RHEL Engineering is moving the tracking of its product development work on RHEL 6 through RHEL 9 to Red Hat Jira (issues.redhat.com). If you're a Red Hat customer, please continue to file support cases via the Red Hat customer portal. If you're not, please head to the "RHEL project" in Red Hat Jira and file new tickets here. Individual Bugzilla bugs in the statuses "NEW", "ASSIGNED", and "POST" are being migrated throughout September 2023. Bugs of Red Hat partners with an assigned Engineering Partner Manager (EPM) are migrated in late September as per pre-agreed dates. Bugs against components "kernel", "kernel-rt", and "kpatch" are only migrated if still in "NEW" or "ASSIGNED". If you cannot log in to RH Jira, please consult article #7032570. That failing, please send an e-mail to the RH Jira admins at rh-issues@redhat.com to troubleshoot your issue as a user management inquiry. The email creates a ServiceNow ticket with Red Hat. Individual Bugzilla bugs that are migrated will be moved to status "CLOSED", resolution "MIGRATED", and set with "MigratedToJIRA" in "Keywords". The link to the successor Jira issue will be found under "Links", have a little "two-footprint" icon next to it, and direct you to the "RHEL project" in Red Hat Jira (issue links are of type "https://issues.redhat.com/browse/RHEL-XXXX", where "X" is a digit). This same link will be available in a blue banner at the top of the page informing you that that bug has been migrated.

Bug 689040

Summary:

Disc writes are significantly slower with RHEL kernel than using kernel built from kernel.org.

Product:

Red Hat Enterprise Linux 6

Reporter:

dcardimi

Component:

kernel

Assignee:

Red Hat Kernel Manager <kernel-mgr>

Status:

CLOSED NOTABUG

QA Contact:

Red Hat Kernel QE team <kernel-qe>

Severity:

high

Docs Contact:

Priority:

unspecified

Version:

6.0

CC:

esandeen, jmoyer, rwheeler

Target Milestone:

Target Release:

---

Hardware:

x86_64

OS:

Linux

Whiteboard:

Fixed In Version:

Doc Type:

Bug Fix

Doc Text:

Story Points:

---

Clone Of:

Environment:

Last Closed:

2011-03-25 16:45:48 UTC

Type:

---

Regression:

---

Mount Type:

---

Documentation:

---

CRM:

Verified Versions:

Category:

---

oVirt Team:

---

RHEL 7.3 requirements from Atomic Host:

Cloudforms Team:

---

Target Upstream Version:

Embargoed:

Attachments:

Description	Flags
Kernel config from 2.6.32.27 build	none
Kernel config from 2.6.38 build	none

Description dcardimi 2011-03-18 21:40:50 UTC

Description of problem:
Using a binary compiled from the test source referenced below, run the program on RHEL 6 kernel-2.6.32-71.18.2.el6.x86_64.rpm or kernel-2.6.32-71.el6.x86_64.rpm.  Notice the run-time output from the program is significantly longer than the kernel built from kernel.org (I tried version 2.6.32.27 & 2.6.38).  In my case, the kernels built from kernel.org were averaging 2-2.5 seconds to run this test program.  The RHEL kernels were averaging 40-41 seconds for the same program.  I'm not sure if it matters, but I was using an ext3 filesystem.  I also mounted my ext3 filesystem as ext4 with the same results.

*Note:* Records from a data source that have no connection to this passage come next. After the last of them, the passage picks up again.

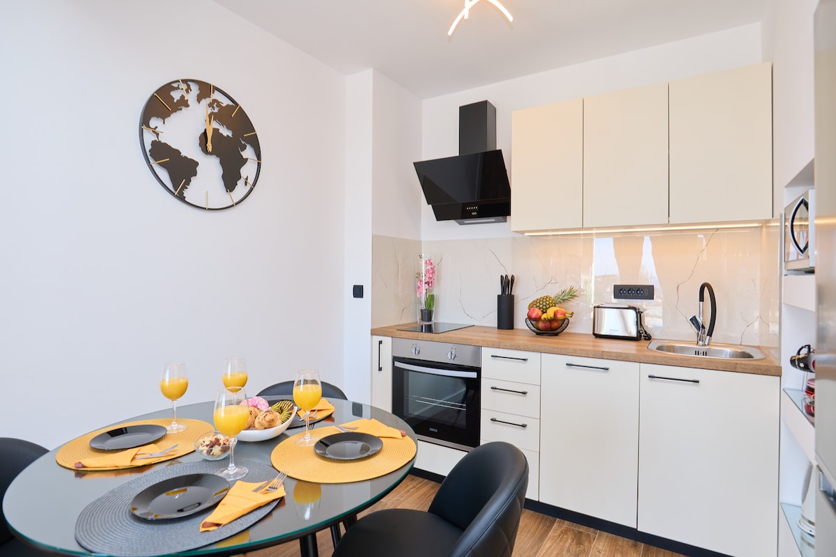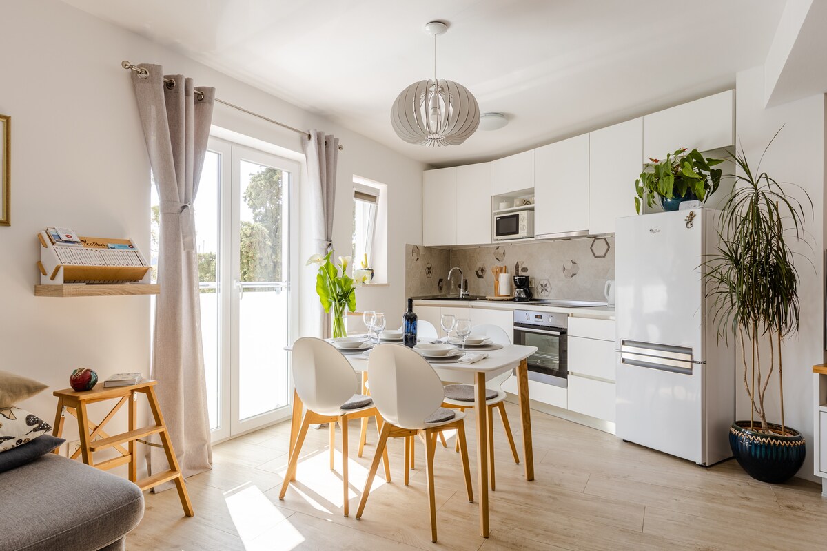 Enjoy long walks by exploring the nearby beaches and walking trails. Later, look out to sea from the spacious terrace and plan the next day's trips. The airy interior features a floating staircase, walk-in rain showers, and underfloor heating. Prepare yourself a delicious meal in a fully equipped kitchen. Interesting two-floor interior consists of a living room, kitchen and a dining room combined, two bedrooms with own bathrooms, and a wide terrace with a sea view. The apartment is very spacious and can comfortably host five adults. Each bedroom has a double bed, closet and a working desk with a wireless charging lamp. Extendable corner set sofa in the living room is suitable for 1-2 persons, while the central dining table is extendable for six. Our guests can easily relax in the apartment as it offers three smart LED TVs, air-conditioning, underfloor heating, Wi-Fi, fully functional kitchen equipped with a dishwasher, microwave, oven, kettle, coffee machine, and an extensive selection of kitchen utensils. Spacious terrace is perfect for relaxation on four loungers, for having early breakfast or a romantic dinner while enjoying the sea view, and the scent of the sea, pine and cypress trees. To our dear future guests, we are fully at your disposal for any question or help you might need. We will certainly do our best to make your vacation pleasant and delightful. Beaches, walking trails and parks are all close, together with shops, market, cafes, and bars. Located on Lapad peninsula, in a quiet part of Dubrovnik, dining recommendations include a fish restaurant, also called Orsan, in front of the apartment. The apartment is approximately 200 m away from the bus stop from which the bus number 6 will take you to the Old Town. There is a public parking space in front of the apartment, which is partly free of charge. Beaches, walking trails and parks are all close, together with shops, cafes and bars. Located on Lapad peninsula, in a quiet part of Dubrovnik, dining recommendations include a fish restaurant, also called Orsan, in front of the apartment. Local market is very close where you can find delicious groceries for your meal.
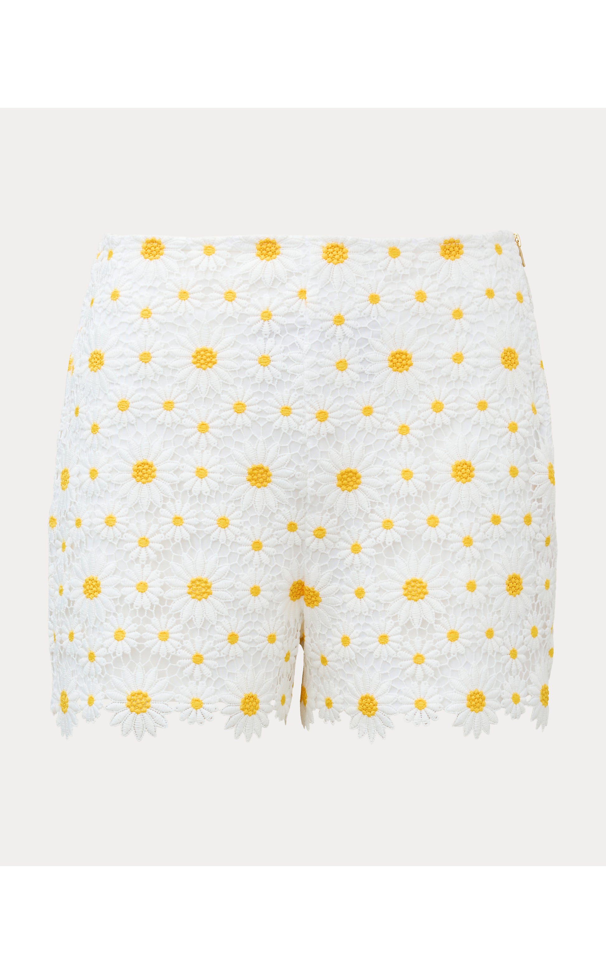 - High rise, straight fit, lace short with a side zipper.
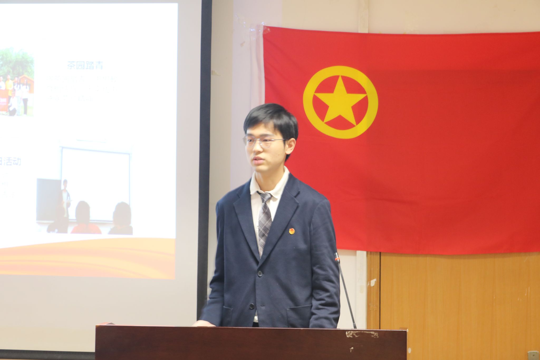 会议伊始,全体参会人员唱团歌《光荣啊,中国共青团》。在团歌结束后由院团委副书记陈佳楠老师带领全体参会人员重温“入团誓词”。
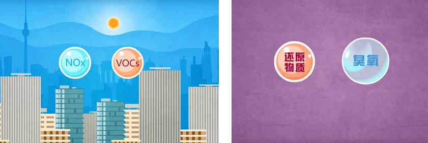 臭氧污染并非直接排放导致,是由进入到大气中的氮氧化物(NOx)和挥发性有机物(VOCs)在阳光下发生大气光化学反应产生的,属于大气二次污染物。
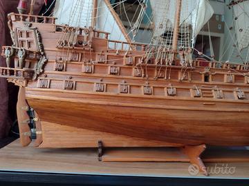 splendido veliero realizzato tutto a mano negli anni '70, no kit di assemblaggio ma anche i particolari in ottone e i cannoni sono stati realizzati con appositi stampi. la base è rimovibile. e' rimasto in soffitta per oltre 15 anni. non spedisco. ingombro max 87x87, prof. 43.
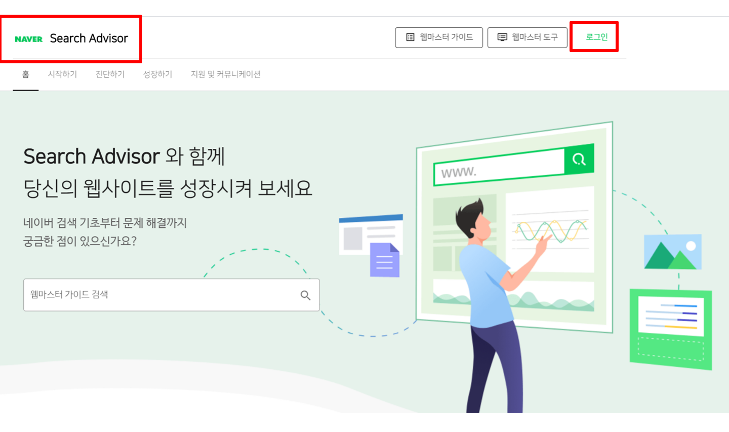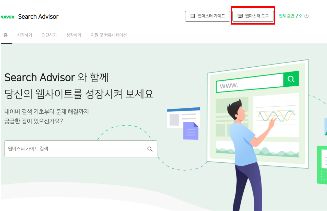 예전에는 네이버 웹마스터도구라는 웹페이지로 존재했었는데 이제는 또 네이버가 업데이트가 되어서 '네이버 서치어드바이저(Search Advisor)'에서 웹마스터도구에 내 블로그를 등록할 수 있다.
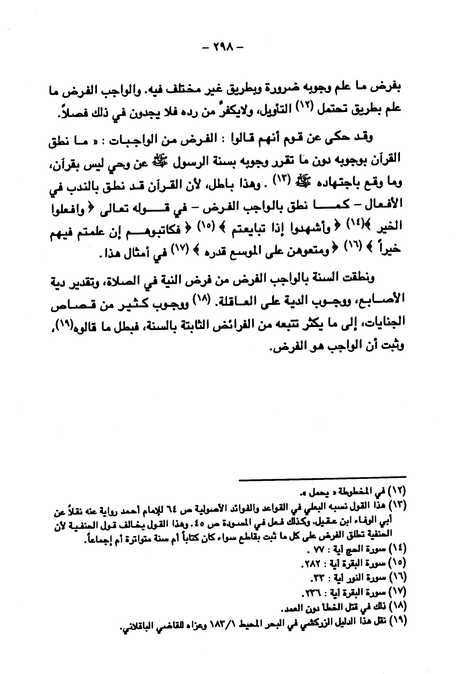 وقد حكي عن قوم أنهم قالوا: الفرض من الواجبات: " ما نطق القرآن بوجوبه دون ما تقرر وجوبه بسنة الرسول صلى الله عليه وسلم عن وحي ليس بقرآن، وما وقع باجتهاده صلى الله عليه وسلم. وهذا باطل، لأن القرآن قد نطق بالندب في الأفعال- كما نطق بالواجب الفرض- في قوله تعالي {وَافْعَلُوا الخَيْرَ} {وأَشْهِدُوا إذَا تَبَايَعْتُمْ} {فَكَاتِبُوهُمْ إنْ عَلِمْتُمْ فِيهِمْ خَيْرًا} {ومَتِّعُوهُنَّ عَلَى المُوسِعِ قَدَرُهُ} في أمثال هذا.
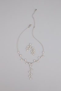 Bring the glow—this necklace and earrings set shines with delicate leaf-inspired details and endless sparkle. Perfect for weddings, holiday parties, or anytime you want a little extra dazzle.
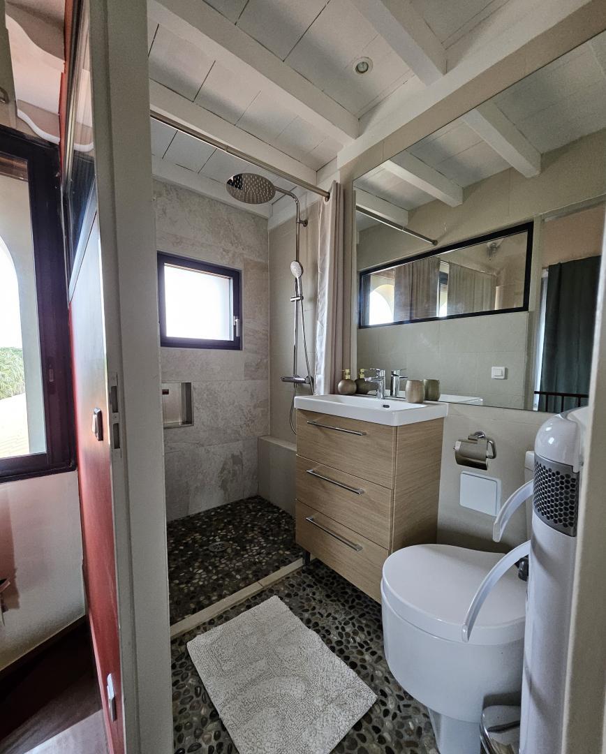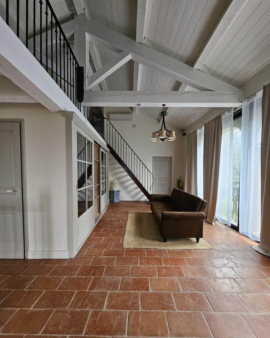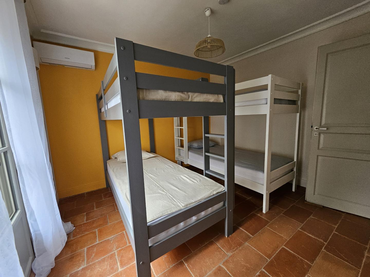 Entre mer et vignobles, dans la nature, cette magnifique bâtisse datant du XIXème siècle, qui abritait jadis des écuries, a été entièrement rénovée et décorée avec goût par les propriétaires, tout en préservant les contraintes architecturales. Accès au gîte, par l’extérieur par quelques marches : Hall d’entrée Quelques marches au rez de chaussée desservent : Une cuisine équipée avec mange-debout Un grand séjour avec cheminée décorative, salon, salle à manger, séjour avec TV donnant à l’arrière sur le jardin privatif non clos équipé d’un salon de jardin, d’une plancha électrique 1er niveau : Salon avec TV, chaine hi-fi et belle vue sur le jardin chambre : 1 lit 180 x 200, salle d’eau, wc chambre : 2 lits superposés de 2 pers : 90 x 200 Salle d’eau Wc 2ème niveau : chambre mezzanine : 1 lit 180 x 200 Avec espace communicant mansardé qui peut accueillir, dans un espace « dodo », 3 enfants à partir de 7 ans : 3 lits 90 x 190 Salle d’eau avec wc. Parking dans la propriété.
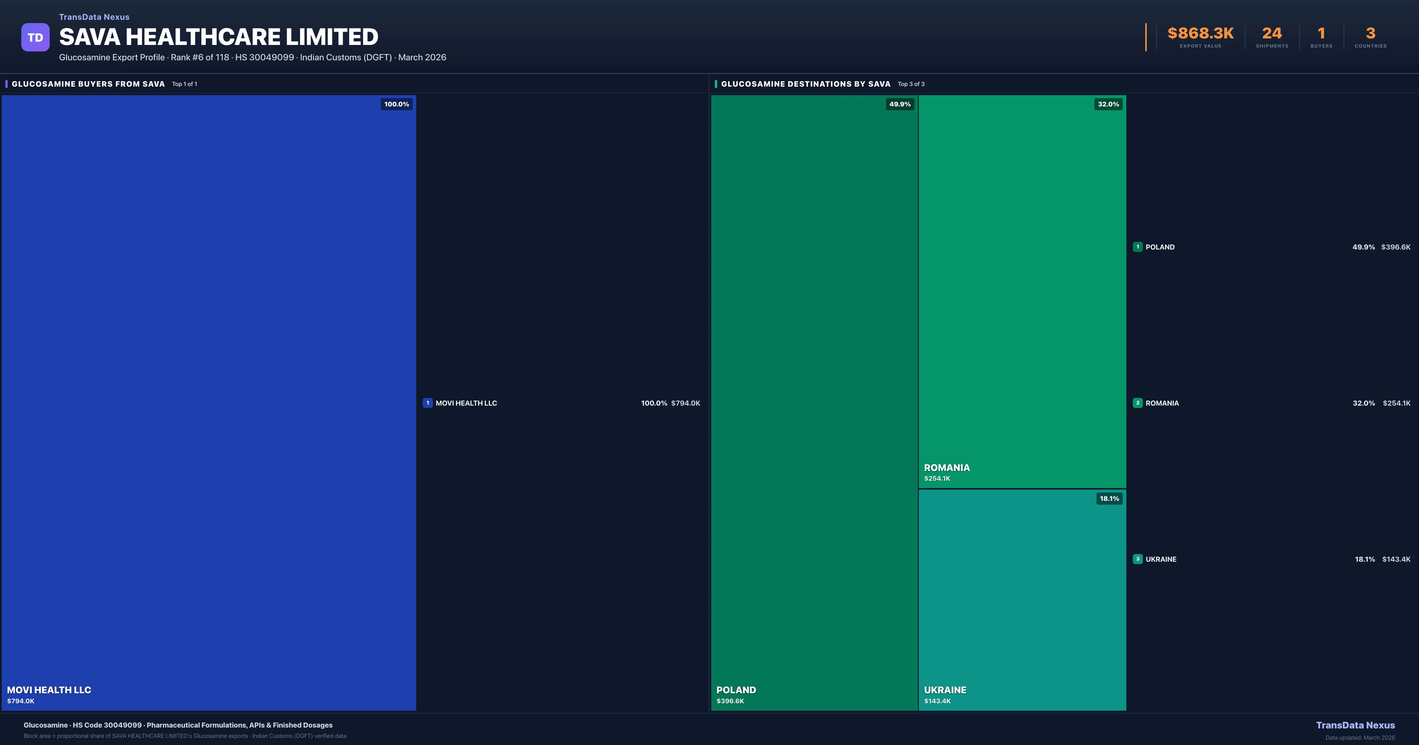Sava Healthcare Limited supplies Glucosamine to 1 buyers globally. The largest buyer is MOVI HEALTH LLC (POLAND). These buyers represent pharmaceutical distributors, hospital groups, and government procurement agencies in their respective markets.
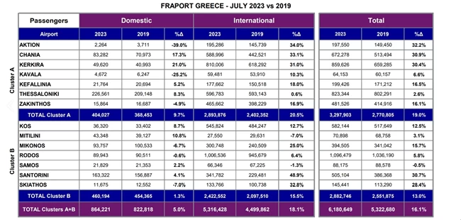 Ειδικότερα, η επιβατική κίνηση το Ιούλιο έφτασε τα 6,18 εκατομμύρια, σημειώνοντας άνοδο κατά 4,5% σε σύγκριση με τον Ιούλιο του 2022 (5,91 εκατομμύρια επιβάτες), υψηλότερα και από τον Ιούλιο του 2019 (5,32 εκατομμύρια επιβάτες).
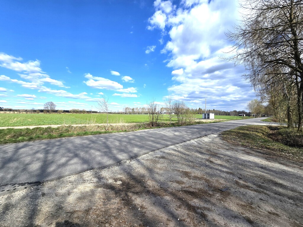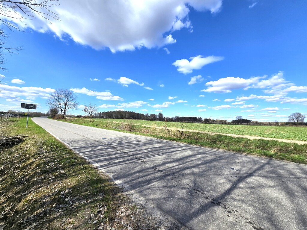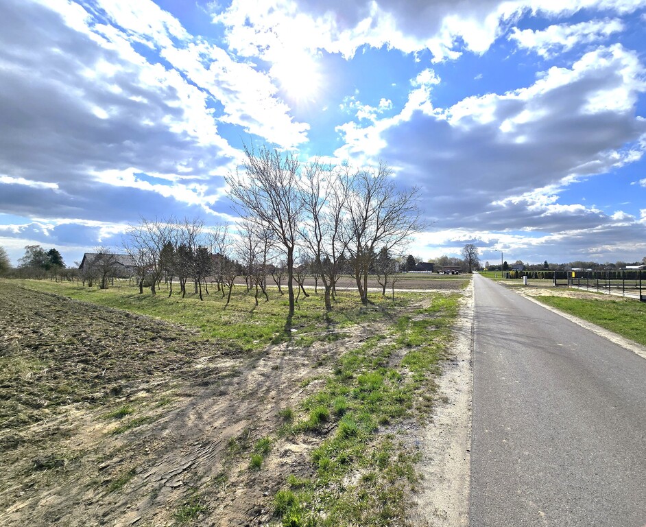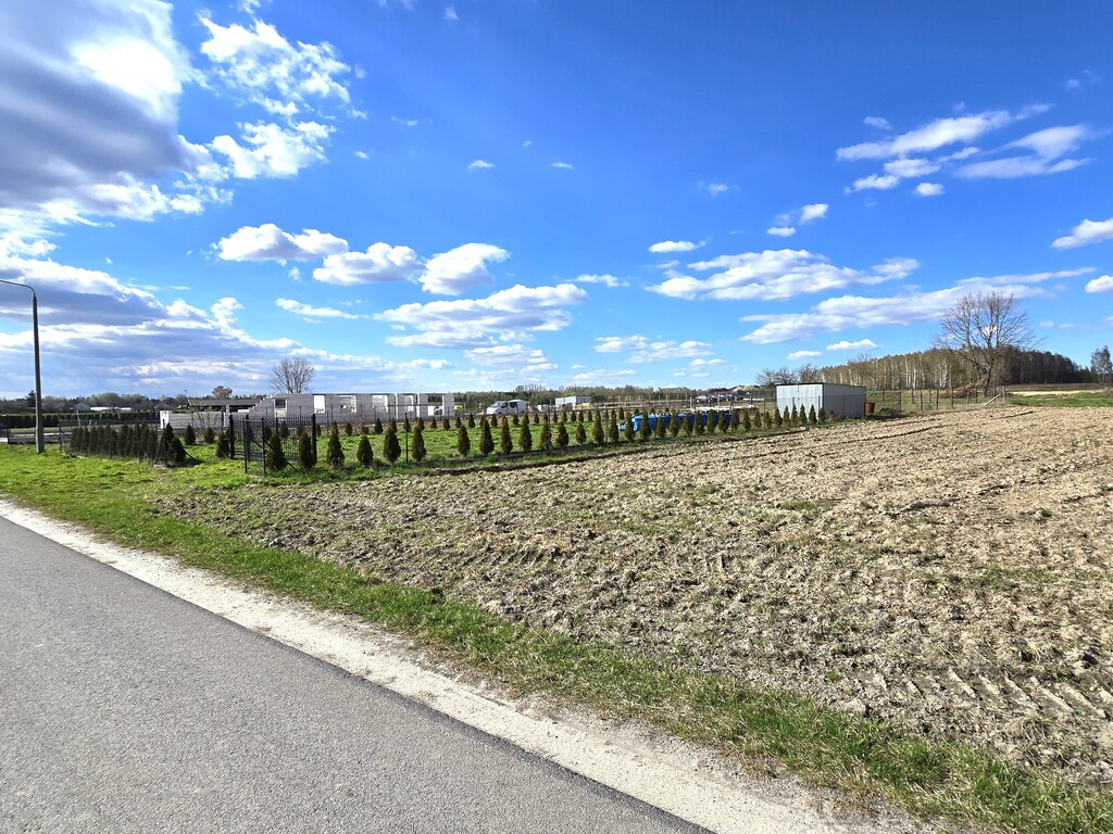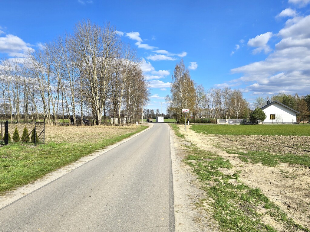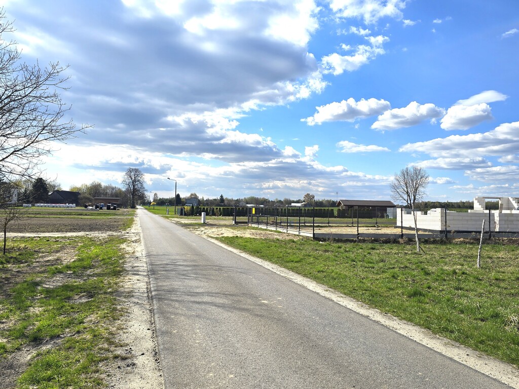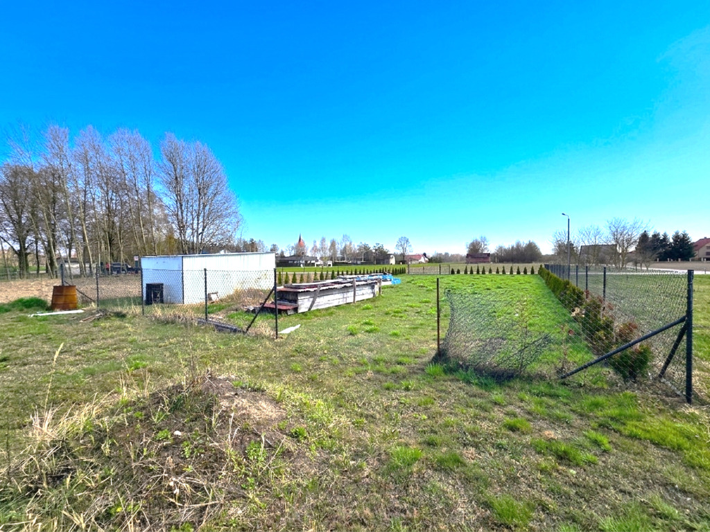 Działka położona przy drodze asfaltowej, częściowo ogrodzona siatką.

There were some changes related to this issue on fs/buffer.c checked in kernel.org on 2/18/2009 & 4/6/2009.

Version-Release number of selected component (if applicable):
kernel-2.6.32-71.18.2.el6.x86_64.rpm
kernel-2.6.32-71.el6.x86_64.rpm

How reproducible:
Every time.

Steps to Reproduce:
Using a testcase similar to this (noted from kernel.org commit http://git.kernel.org/?p=linux/kernel/git/torvalds/linux-2.6.git;a=commit;h=78f707bfc723552e8309b7c38a8d0cc51012e813)

#include <stdio.h>
#include <stdlib.h>
#include <sys/time.h>

#define ROWS 2000

int main(int argc, char **argv)
{

int fdes, i;
FILE *fp;
struct timeval start;
struct timeval end;
struct timeval res;

gettimeofday(&start, NULL);
for (i=0; i<ROWS; i++) {
fp = fopen("test_file", "a");
fprintf(fp, "Some Text Data\n");
fdes = fileno(fp);
fsync(fdes);
fclose(fp);
}
gettimeofday(&end, NULL);

timersub(&end, &start, &res);
fprintf(stdout, "time to write %d lines is %ld(msec)\n", ROWS,
(res.tv_sec*1000000 + res.tv_usec)/1000);

return 0;
}
  
Actual results:
The program runtime is significantly longer using the RHEL kernel (~40 seconds compared to ~2 seconds)

Expected results:
The program runtime should be the same using the RHEL kernel or the stock kernel from kernel.org.

Additional info:

Comment 2 dcardimi 2011-03-18 21:59:04 UTC

This affects applications using sqlite in synchronous write mode.

Comment 3 dcardimi 2011-03-18 22:35:49 UTC

I also tried Fedora 14 kernel kernel-2.6.35.11-83.fc14.x86_64.rpm, with the same results (slow writes).

Comment 4 Ric Wheeler 2011-03-19 12:00:29 UTC

Can you add to this some description of your storage hardware and your server?

If you are using an array (i.e. something with a non-volatile write cache), can you retry with "mount -o nobarrier" ?

Thanks!

Comment 5 dcardimi 2011-03-20 16:12:36 UTC

This was tested on a Pentium 4 2.8GHz, w/ 2G RAM, with a single 250GB serial ATA Western Digital drive (no RAID setup).

Comment 6 Jeff Moyer 2011-03-21 13:47:11 UTC

Were you using the same mount options between kernel revisions?  Specifically, if barriers are enbled, it will definitely take longer to fsync.  What I/O scheduler was used in testing?

Comment 7 dcardimi 2011-03-21 19:27:34 UTC

Yes, the same mount options were used in all tests.  In all cases, the CFQ IO scheduler was used.

Comment 8 Eric Sandeen 2011-03-21 20:46:29 UTC

Can you please provide the kernel config used for the upstream kernel build & test?

Thanks,
-Eric

Comment 9 dcardimi 2011-03-21 21:18:44 UTC

Created attachment 486697 [details]
Kernel config from 2.6.32.27 build

I've attached the .config from my 2.6.32.27 build.

Comment 10 Eric Sandeen 2011-03-21 21:34:18 UTC

# CONFIG_EXT3_DEFAULTS_TO_ORDERED is not set

is likely relevant, especially in light of the fsync() call in your test.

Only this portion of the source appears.